Given the very late introduction of new !alias.scope and !noalias metadata, is their a way to have a testcase look at a machine ir dump, together with the metadata output at that phase ?
Generally, you do not know whether they are equal or not.
Even if there are remaining ones, claiming them 'NoAlias' doesn't have correctness issue when copying them. It won't cause correctness issue if we schedule those loads and stores freely.
I agree that rescheduling the loads/stores is correct even if src and dst are equal. However, the metadata itself is still incorrect: It will claim that the loads/stores are NoAlias, even though they are actually MustAlias.
The proposed version introduces 2 scopes, assigning all store to one scope and all loads to another.

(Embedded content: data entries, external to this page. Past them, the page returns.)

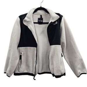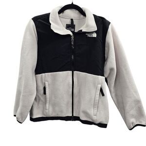North Face Coat Girls Large White Denali Fleece Jacket Black Polartec Zipper
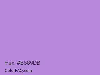 Hex #b689db Color is a light purple color and the nearest color is Lavender #b57edc. Hex code #b689db and RGB value is rgb(182,137,219). In RGB color space, this color is composed of 71% red, 54% green, 86% blue, In CMYK color space, this color is composed of 17% cyan, 37% magenta, 0% yellow , 14% black , In HSL color space, this color has a hue angle of 273° , 53% saturation and 70% lightness.
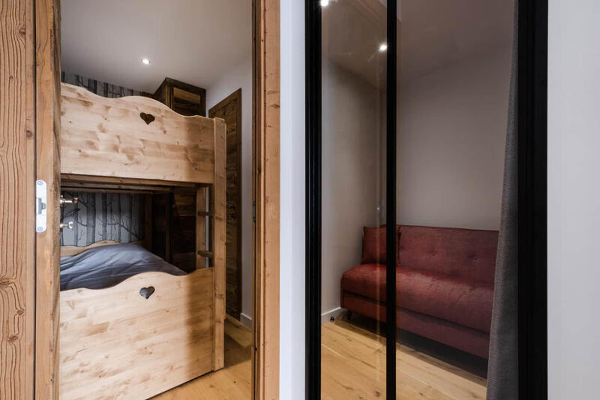 Ejendommen er sammen med dens komfortable faciliteter designet til at rumme op til seks personer i en rummelig lejlighed på 52 m². Lejligheden har en stue med sofa og et 4K-fladskærms-tv, som er ideelt til afslapning efter en dag med aktiviteter. En sydvendt balkon byder på naturskøn udsigt over landsbyen og bjergene. Ejendommen indeholder to soveværelser: et med dobbeltseng og boblebad, og et andet med Rapido dobbelt sovesofa og to køjesenge (bemærk: den øverste køje er ikke egnet til børn under seks år). For ekstra bekvemmelighed tilbyder lejligheden et skiskab med en skotørrer, udendørs parkering og opvarmning via radiatorer. Kæledyr er ikke tilladt, og lejligheden er ikke-ryger. Der er trådløs internetadgang til rådighed, og gæsterne kan nyde de opredte senge ved ankomsten. Valgfri tjenester såsom ekstra rengøring eller sengetøj kan arrangeres, men ejendommen tilbyder ingen gratis aktiviteter. Beliggende i den øverste del af landsbyen tilbyder boligen fredelige omgivelser med nem adgang til væsentlige faciliteter. De nærmeste butikker ligger 550 meter derfra, mens Bossonnet Telemix-stoleliften og skiløjperne ligger 950 meter fra ejendommen. For vintergæster er et shuttlestoppested bekvemt placeret kun 250 meter væk, med et andet stop 580 meter væk til sommerbrug. For dem, der rejser med offentlig transport, ligger Annecy SNCF-togstation 33 km fra ejendommen, mens busstationen La Clusaz kun ligger 1,1 km derfra. Boligens rolige beliggenhed giver gæsterne mulighed for at nyde områdets naturlige skønhed, mens de stadig er tæt på lokale attraktioner og transportmuligheder. Lejligheden har et fuldt udstyret køkken med moderne bekvemmeligheder, herunder et køleskab med fryser, induktionskomfur, mikroovn, ovn, opvaskemaskine og en Nespresso-kaffemaskine. En vinkælder er også tilgængelig for dem, der ønsker at opbevare drikkevarer under deres ophold. Køkkenet fører ind til spisepladsen, hvilket giver et praktisk sted for måltider. Derudover tilbyder ejendommen et separat toilet, et badeværelse med håndvask, bruser og håndklædetørrer, hvilket sikrer komfort under hele opholdet. Med en hyggelig atmosfære og bekvemme faciliteter er lejligheden ideel til familier eller små grupper, der søger et komfortabelt og veludstyret oase.
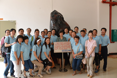 陈贵英副校长(中)与89级宝石专业的校友在赠送的鸡血石前合影
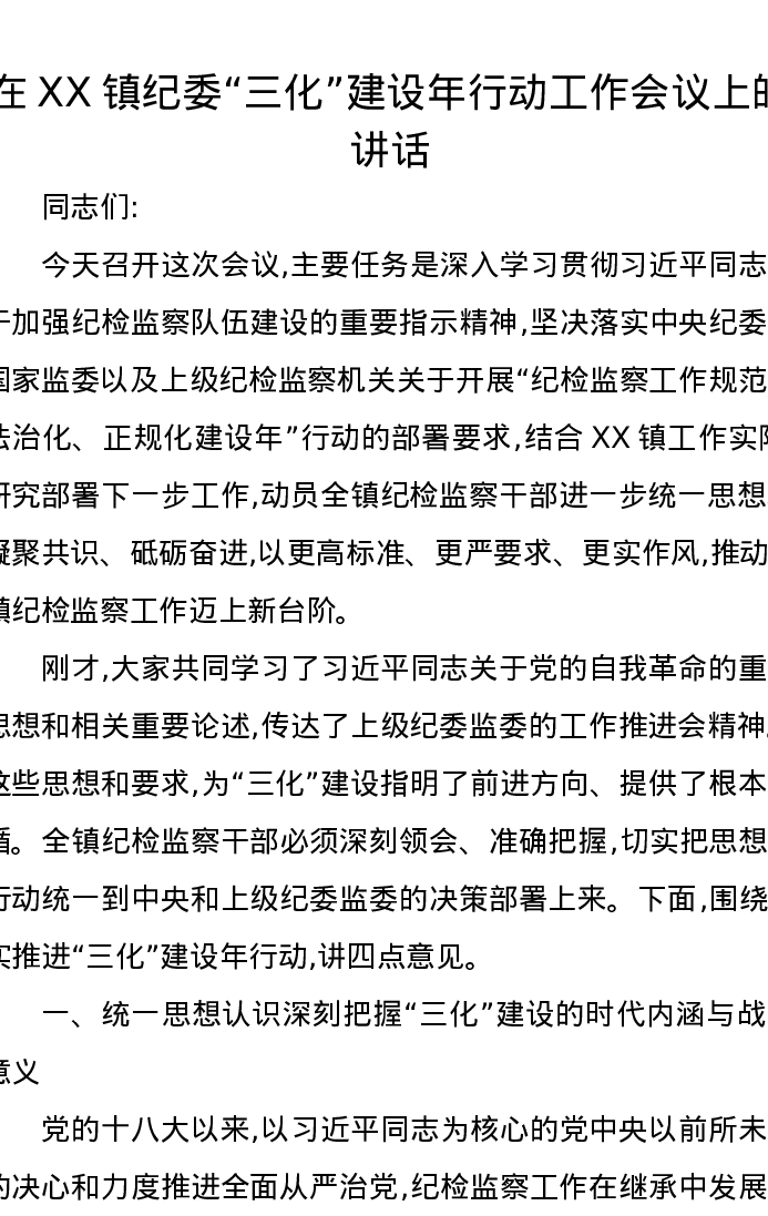 在XX镇纪委“三化”建设年行动工作会议上的讲话
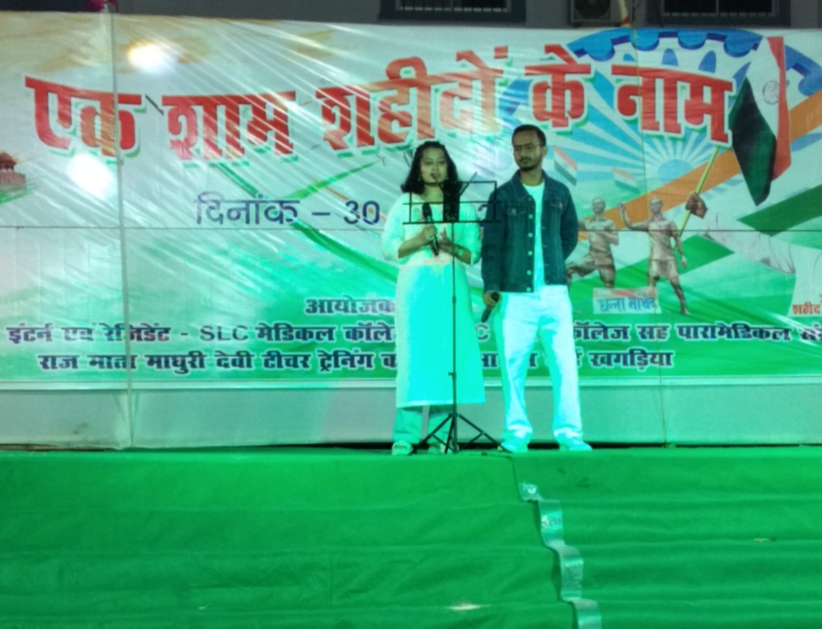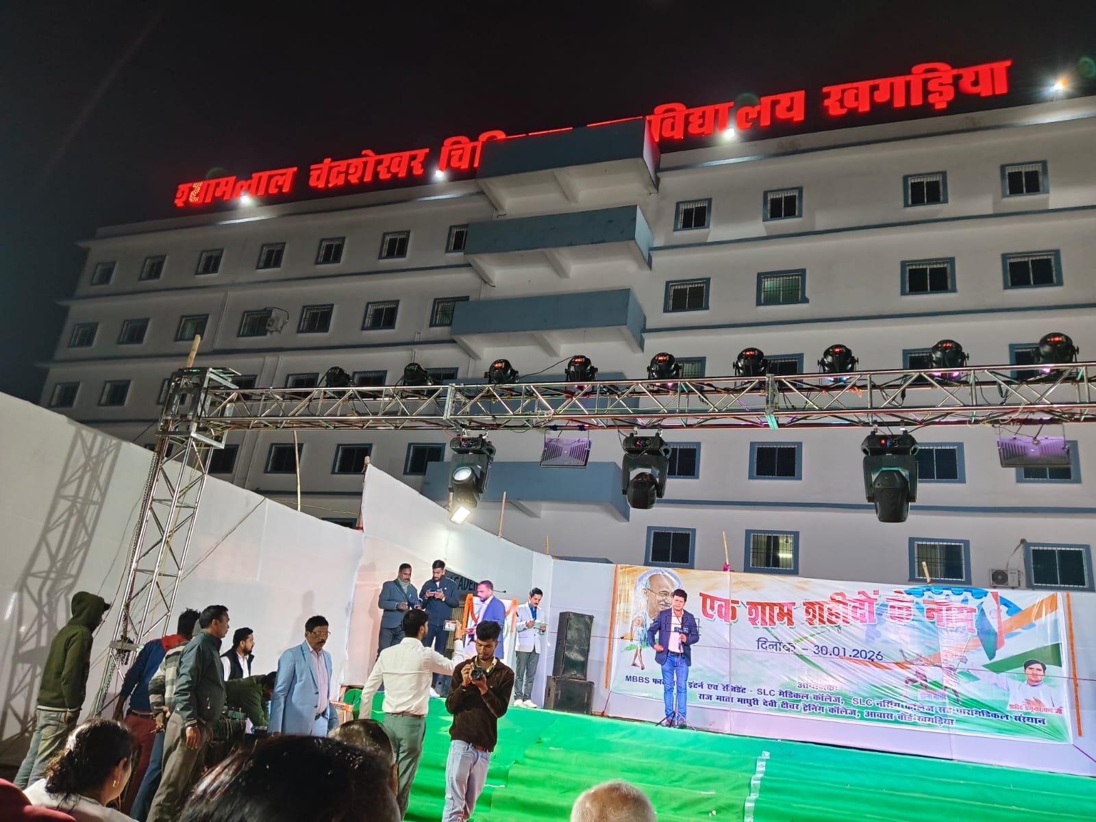 खगड़िया/ कौशी एक्सप्रेस/शुक्रवार 30 जनवरी को श्यामलाल चंद्रशेखर मेडिकल कॉलेज एवं शहीद प्रभुनारायण मल्टीस्पेशलिटी अस्पताल परिसर में राष्ट्रपिता महात्मा गांधी के शहादत दिवस के अवसर पर दीप प्रज्ज्वलन के साथ एक शाम शहीदों के नाम श्रद्धांजलि कार्यक्रम का शुभारंभ किया गया। कार्यक्रम का उद्देश्य देश की आज़ादी के लिए अपने प्राण न्यौछावर करने वाले अमर शहीदों को नमन करना एवं नई पीढ़ी में राष्ट्रभक्ति की भावना को सुदृढ़ करना था।
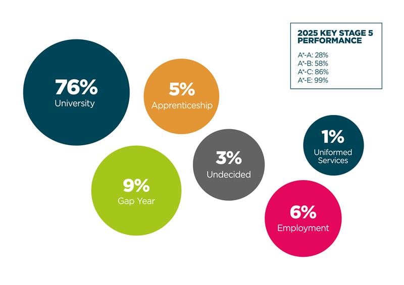Our focus on subject passion and excellence, underpinned by comprehensive support for all students, means that Sixth Form at King Edward’s produces consistently high academic outcomes which has put us in the top 3 in Northumberland for the last 5 years for both attainment and progress.

I order to avoid the MustAlias vs NoAlias problem, we could introduce a scope per load-store pair. Of course, that might be a lot of extra scopes..
This was discussed earlier today in LLVM's AA Technical call. This method should work, but one possible gotcha came up: sometimes a memcpy lowering results in overlapping load/stores. Those overlapping load/stores must remain 'aliasing', so they should belong to the same scope.
// memcpy(dst, src, 23) becomes: store i64 dst+0, (load i64 src+0) // scope 0 store i64 dst+8, (load i64, src+8) // scope 1, not overlapping with previous pair store i64 dst+15, (load i64, src+15) // also scope 1, overlapping with previous pair
Not being able to catch that meeting. I am not sure the current SDAG would generate that. Let me check. If we did that in the current SDAG implementation, we may remove scoped AA metadata for that trailing (or maybe the heading) loads as the conservative solution before we introduce new scopes.
Just read the relevant threads and bugs reported on the change of allowing exact-overlap on llvm.memcpy. See the reference list at the end. Personally, I think it's OK to assume NoAlias added here. By allowing exact-overlap in llvm.memcpy, the most significant change is on the basic-aa, which must consider the case where the source and destination of llvm.memcpy is the same. The make senses at the IR level, where llvm.memcpy is treated as a single op as the exact-overlap means the copy is a no-op and won't always overwrite the destination memory. But, where we lower that copy into loads/stores, we say that loads/stores won't alias. That's fine as the order between loads and stores on the same offset (or location for the exact-overlap case) is established through the data dependency. In addition, the no-alias established here is a scoped one, which only applies to loads/stored from this llvm.memcpy only. It won't affect the AA result between them to loads/stores out of the scope. (This patch depends on https://reviews.llvm.org/D102215, which propagates scoped AA on mem ops into loads/stores after lowering.)
But, there are definitely issues where the backend may split/merge/narrow/widen memory operations. For split and narrow, they seem fine. I started to address the merge issue in https://reviews.llvm.org/D102821 to ensure the correct scoped AA is used on the merged stores or loads. For widen, mostly load widening, we have a quite tricky issue as the widening result, in most cases, doesn't care about extra content loaded from memory. They want to choose the widened one to maximize performance but we have the risk that simply reusing the scoped AA metadata may result in undesired behavior.
As mentioned in D102255#2766721, we still would need to use separate scopes for ever load/store pair.